Simply derive your model from ComputedFieldsModel and place the @computed decorator on a method:

from django.db import models
from computedfields.models import ComputedFieldsModel, computed

class Person(ComputedFieldsModel):
    forename = models.CharField(max_length=32)
    surname = models.CharField(max_length=32)

    @computed(models.CharField(max_length=32), depends=[['self', ['surname', 'forename']]])
    def combined(self):
        return u'%s, %s' % (self.surname, self.forename)

combined will be turned into a real database field and can be accessed and searched like any other database field. During saving the associated method gets called and its result written to the database. With the method compute('fieldname') you can inspect the value that will be written, which is useful if you have pending changes:

>>> person = Person(forename='Leeroy', surname='Jenkins')
>>> person.combined             # empty since not saved yet
>>> person.compute('combined')  # outputs 'Jenkins, Leeroy'
>>> person.save()
>>> person.combined             # outputs 'Jenkins, Leeroy'
>>> Person.objects.filter(combined__<some condition>)  # used in a queryset

The @computed decorator expects a model field instance as first argument to hold the result of the decorated method.

Automatic Updates

The depends keyword argument of the decorator can be used with any relation to indicate dependencies to fields on other models as well.

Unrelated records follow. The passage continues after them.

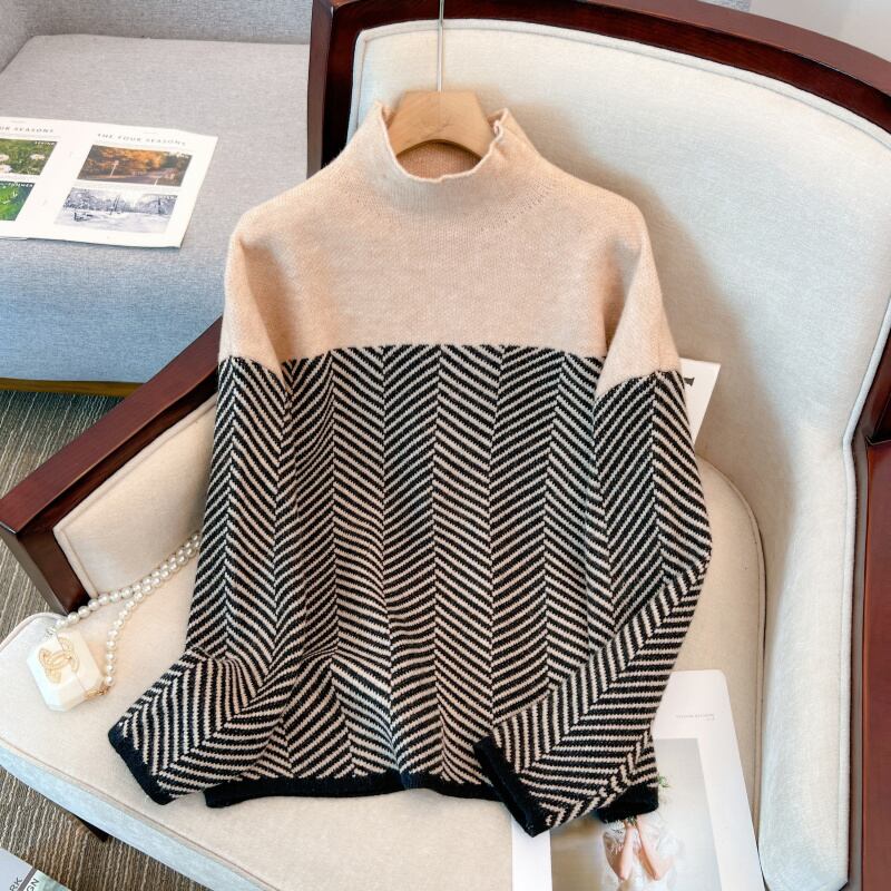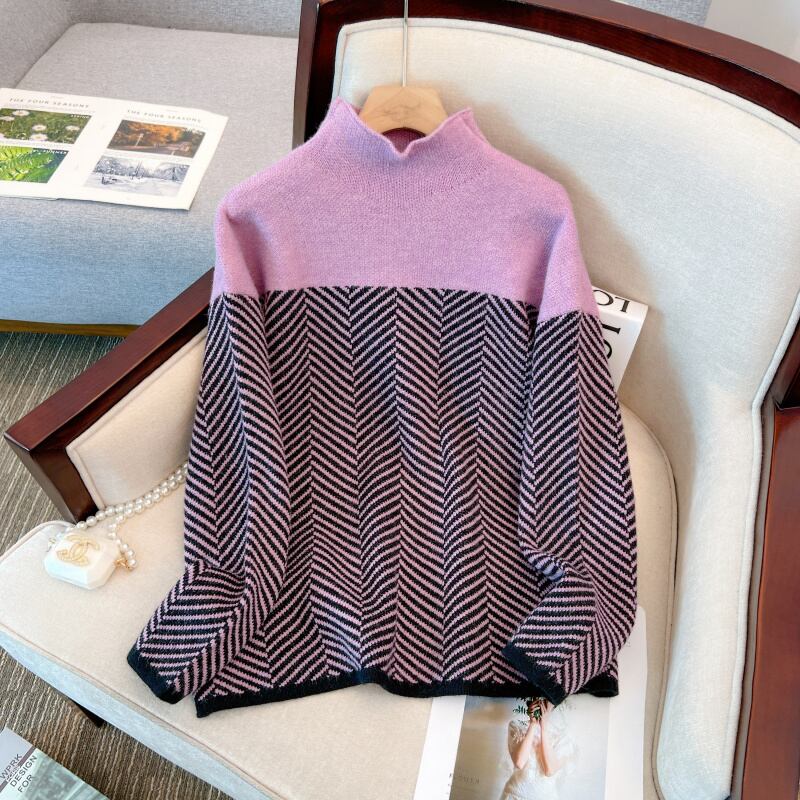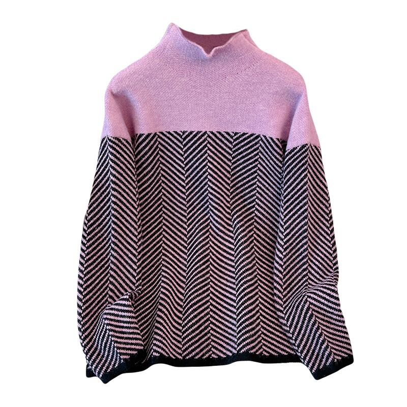 【EWQ】長袖 コントラストカラー レディース ウォームパープル セーター 春秋トレンド ストライプ プルオーバー ニット ロング スプリング 春物 オータム 秋物
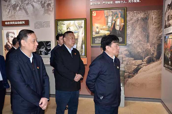 在大别山精神红色展览馆,大家认真学习了鄂豫皖革命根据地开展革命、发展壮大的恢宏历史,并现场召开党史学习教育会,观看教育片《红廉大别山》,举行“湖北交投集团党史学习教育基地”授牌仪式,龙传华带领全体党员重温入党誓词,陈劲超主持会议。
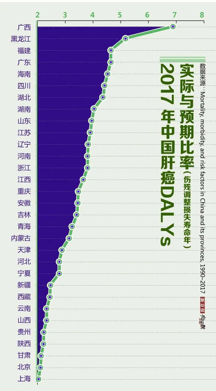2017年,所有省份肝癌的伤残调整生命年(DALYs)2均是预期值的2-6倍,所有排名前20的三级病因中,只有肝癌被普遍“低估”了。
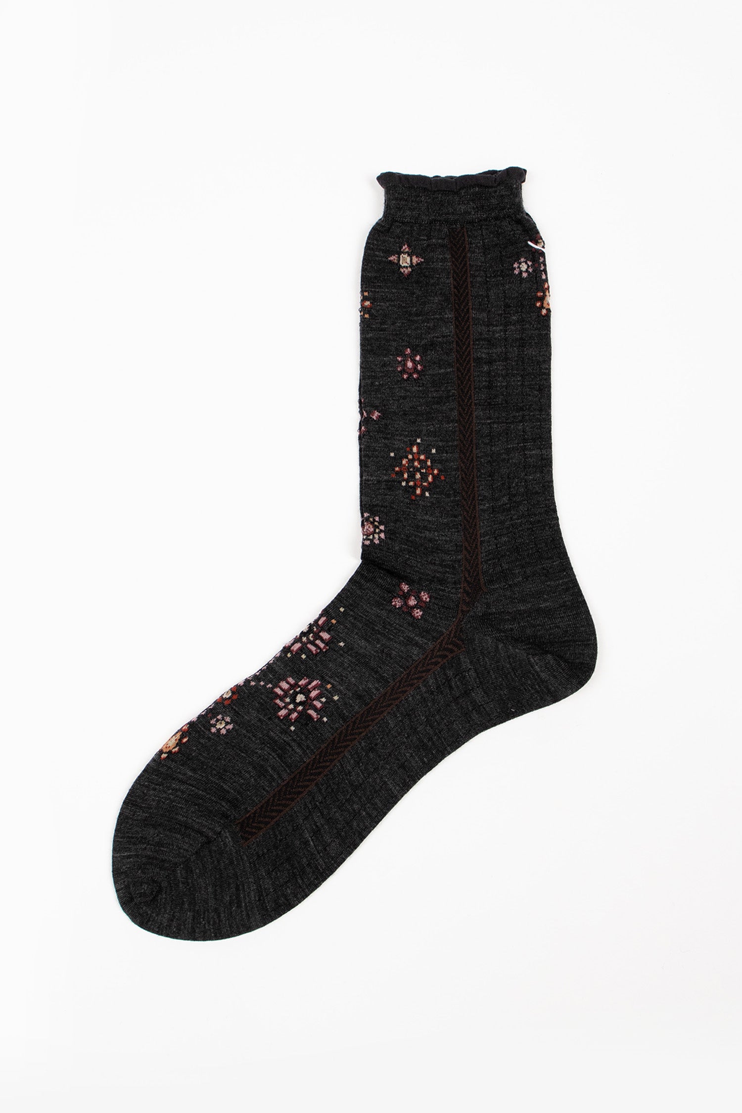Antipast AM-677C ring ring ring socks in sage. Elasticated cuff with frill, circle and dot pattern throughout, Antipast at base.
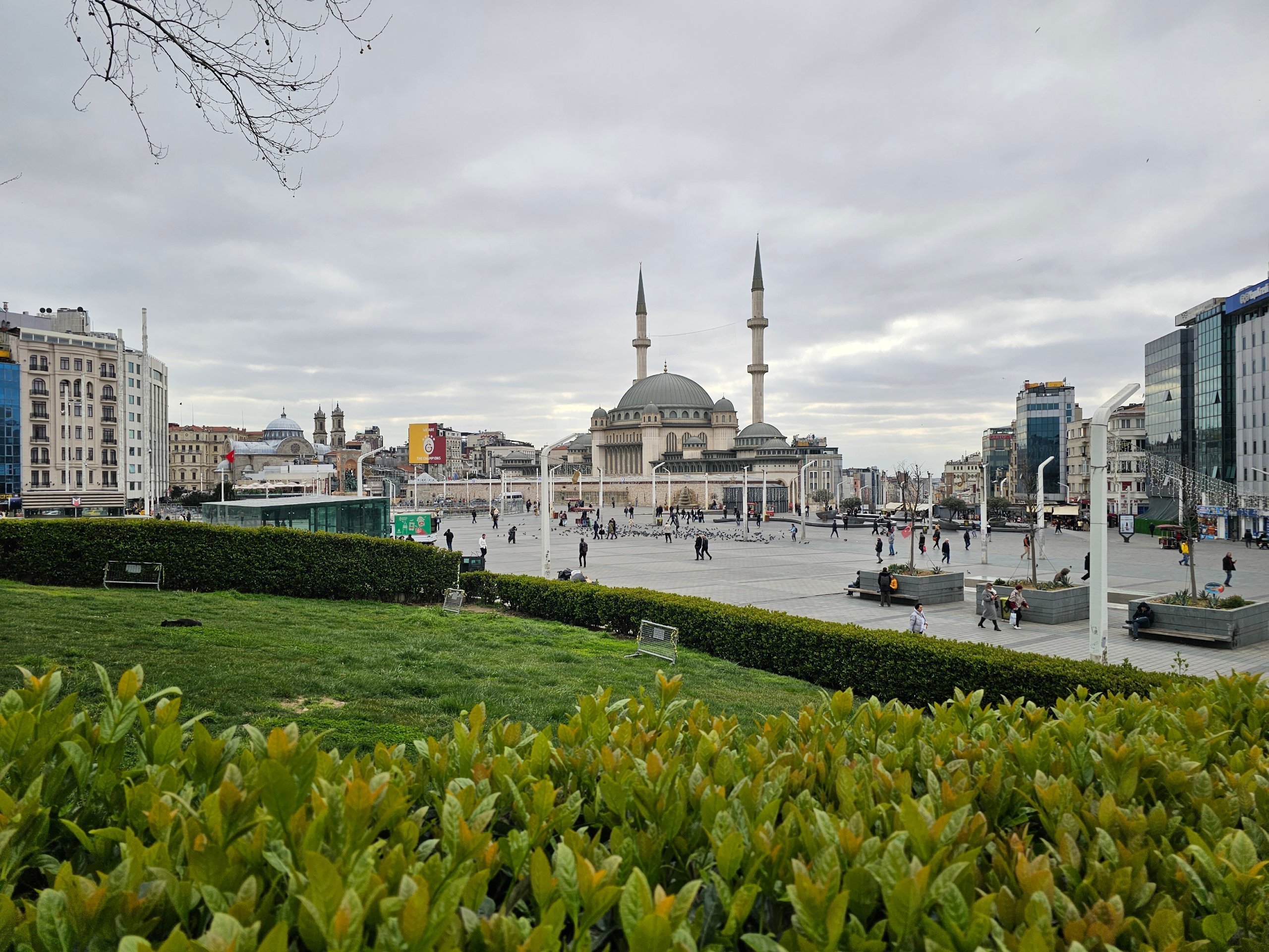 В средата на площада има хубав парк, а в южния край е разположена джамията Таксим.

The example above extended by a model Address:

class Address(ComputedFieldsModel):
    person = models.ForeignKeyField(Person)
    street = models.CharField(max_length=32)
    postal = models.CharField(max_length=32)
    city = models.CharField(max_length=32)

    @computed(models.CharField(max_length=256), depends=[
        ['self', ['street', 'postal', 'city']],
        ['person', ['combined']]
    ])
    def full_address(self):
        return u'%s, %s, %s %s' % (self.person.combined, self.street,
                                   self.postal, self.city)

Now a change to self.street, self.postal, self.city or person.combined will update full_address.

Dependencies should be listed as ['relation_name', fieldnames_on_that_model]. The relation can span serveral models, simply name the relation in python style with a dot (e.g. 'a.b.c'). A relation can be of any of foreign key, m2m, o2o and their back relations. The fieldnames should be a list of strings of concrete fields on the foreign model.

Warning

The old depends syntax is deprecated and should not be used anymore. It will be removed with a future version.

Note

The computed method gets evaluated in the model instance save method. If you allow relations to contain NULL values you have to handle this case explicitly:

@computed(models.CharField(max_length=32), depends=[['nullable_relation', ['field']]])
def compfield(self):
    if not self.nullable_relation:          # special handling of NULL here
        return 'something else'
    return self.nullable_relation.field     # some code referring the correct field

Computed fields directly depending on m2m relations cannot run the associated method successfully on the first save if the instance was newly created (due to Django’s order of saving the instance and m2m relations). Therefore you have to handle this case explicitly as well:

@computed(models.CharField(max_length=32), depends=[['m2m', ['field']]])
def compfield(self):
    if not self.pk:  # no pk yet, access to .m2m will fail
        return ''
    return ''.join(self.m2m.all().values_list('field', flat=True))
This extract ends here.